Jair Bolsonaro já colocou o país em chamas várias vezes. E o agronegócio sempre foi o setor que mais esteve próximo de ser chamuscado.

Foi assim com as ameaças à China e com a intenção de transferência da embaixada brasileira de Israel para Jerusalém.

Mexeu com os chineses, os principais importadores de soja do Brasil, e com os árabes, os maiores compradores de carne de frango do país.

A ira do presidente agora se volta agora contra a Europa, um bloco de países-chave para o agronegócio brasileiro. Clima, desmatamento e fogo na Amazônia são os ingredientes dessa nova contenda.

Nesta sexta (23), França e Irlanda disseram que podem votar contra o acordo comercial entre União Europeia e Mercosul caso o Brasil não respeite os compromissos ambientais.

A Finlândia sugeriu que o bloco europeu considerasse urgentemente a possibilidade de banir importações de carne bovina brasileira, enquanto o Reino Unido declarou estar "profundamente preocupado" com o aumento das queimadas na Amazônia.

Já a Alemanha disse que os incêndios representam uma "situação urgente" e que o caso deve ser debatido.

O bom da história é que Bolsonaro, após alertado sobre os eventuais estragos comerciais de suas bravatas, se finge de morto e não toca mais no assunto. Foi assim com a China e com a transferência da embaixada em Israel.

O perigo dessa nova batalha de fogo encampada pelo presidente brasileiro contra a Europa é que, diferentemente das outras vezes, a revolta vem diretamente de consumidores, e não tanto de governantes, como mostram os protestos em frente às embaixadas brasileiras pelo mundo.

Nesse caso, as mídias sociais, que tanto ajudaram Bolsonaro a se eleger, podem espalhar um rastro de pólvora contra produtos brasileiros na Europa.
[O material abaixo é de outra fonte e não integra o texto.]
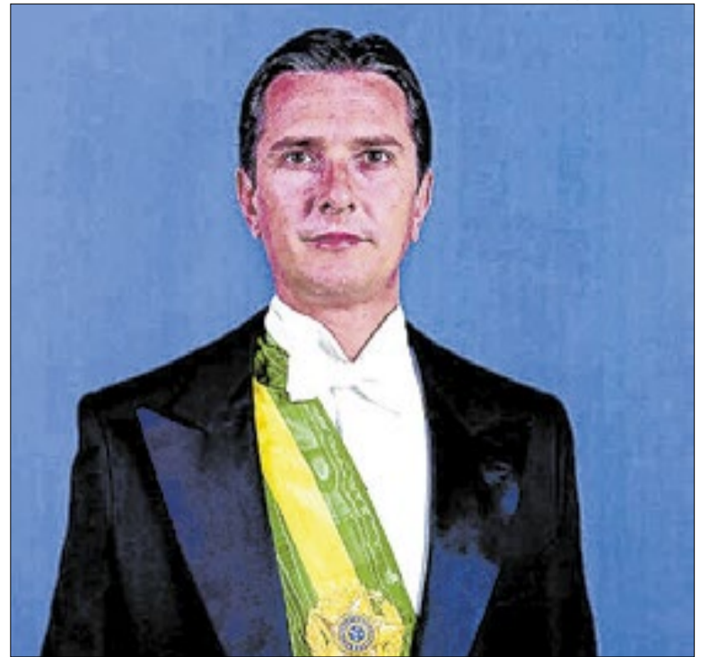
Confisco da poupança ocorreu um dia após a posse de Collor.

A resolução também obriga instituições enquadradas em limites de alavancagem a manter parte dos recursos aplicada em títulos públicos federais. A exigência será implementada gradualmente entre 2026 e 2028, aumentando liquidez, disciplina prudencial e segurança no mercado financeiro.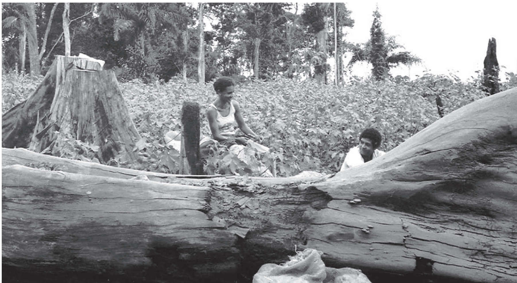
Rondônia, 1976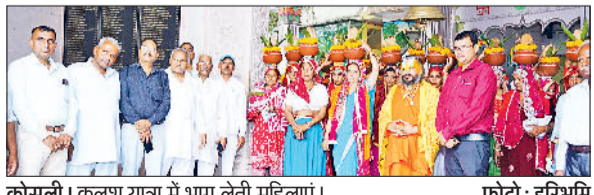
कोसली। कलश यात्रा में भाग लेती महिलाएं।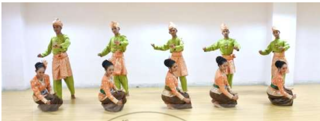
ภาพที่ 16 : ทำจำปาตะ 16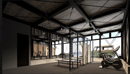
トレーニングジム

地域の経営者に向けて特別な空間を提供し、事務所として、会議スペースとして使用していただきます。さらには、快適に過ごすよう、様々な空間を備えております。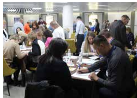
Игра Team Picture в разгаре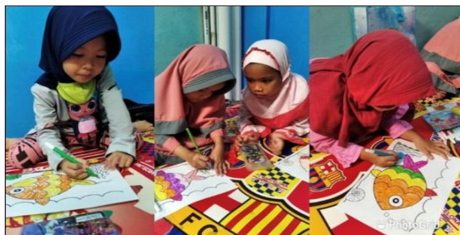
Gambar 2.5.1 Edukasi Bersama Anak-Anak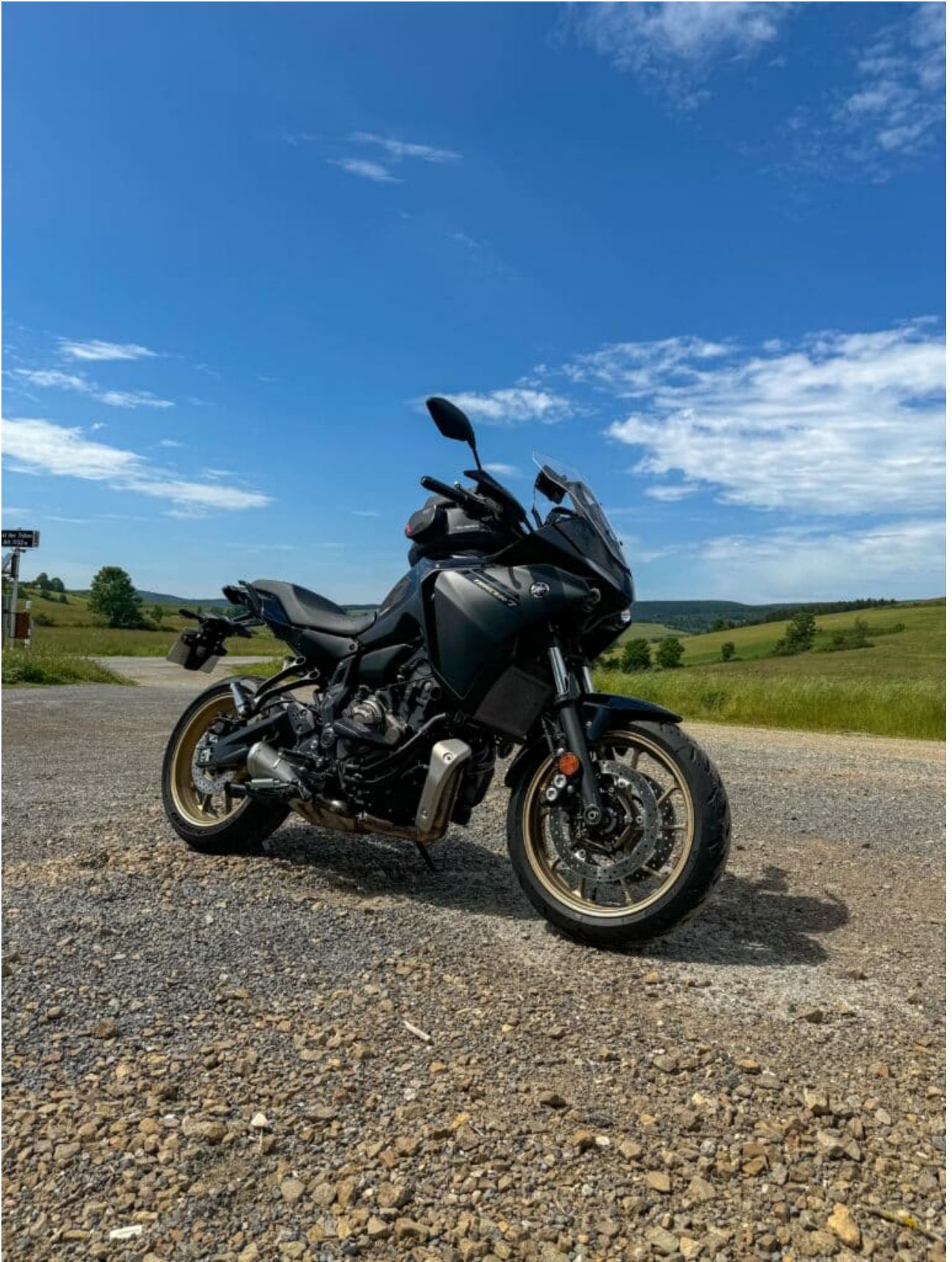
Col de Tribes, dans le secteur du Mont Lozère

E a Europa é espelho para boa parte do mundo.

Este não é momento de enfrentamento, mas de explicações, principalmente aos que não entendem muito bem a realidade do país.

A atitude do governo pode fechar portas do mercado externo para produtos brasileiros. A ameaça de que o Brasil é o celeiro do mundo e indispensável para quem necessita de alimentos é falsa.

O Brasil mantém um crescimento contínuo nas exportações do agronegócio. Em alguns segmentos, porém, a velocidade do crescimento brasileiro já fica abaixo da média da de outros países.

Dados da União Europeia indicam que as importações de carne bovina brasileira feitas pelo bloco caíram 2% no primeiro semestre deste ano, em relação a igual período de 2018. Já as importações europeias feitas na Argentina cresceram 14% no mesmo período.

O Brasil, sempre líder nas exportações de frango para a União Europeia, perdeu o posto nos últimos dois anos para a Tailândia. Só neste ano começa a reagir.

Os europeus representam um mercado de US$ 16 bilhões para o agronegócio brasileiro, sem considerar produtos como madeira, celulose e algodão.

Uma atitude impensada do governo pode colocar a perder o esforço de crescimento, feito dentro das regras, da grande maioria dos produtores brasileiros.

Esse castigo deveria recair apenas sobre os que burlam a lei. E é contra esses que o presidente deveria invocar o patriotismo e aplicar a legislação.

Não adiante buscar subterfúgios. Fica cada vez mais próximo o momento em que o consumidor, por mais distante que esteja do Brasil, terá conhecimento de onde e de como foi produzido o alimento que está ingerindo.

Bolsonaro deveria aprender com o presidente dos Estados Unidos, Donald Trump, que mexer com o mercado pode custar caro. A guerra comercial dos Estados Unidos contra a China recaiu mais fortemente sobre o agronegócio americano.

A fúria de Trump faz com que os americanos, maiores produtores mundiais de soja, terminem esta safra —que se encerra em 31 de agosto— com 29 milhões de toneladas estocadas em seus armazéns.

Esse volume, nunca atingido anteriormente no país, e que deveria estar na China, vai continuar influenciando os preços de mercado e os ganhos dos produtores por várias safras.

Apesar dos milhões de dólares derramados pelo governo dos Estados Unidos como subsídios ao campo, parte dos produtores já começa a pensar se fizeram uma boa escolha em votar em Trump.

Por aqui, o governo não tem esses bilhões de dólares para subsidiar produtores. Um eventual fechamento de mercado aos produtos brasileiros seria um desastre de grandes dimensões.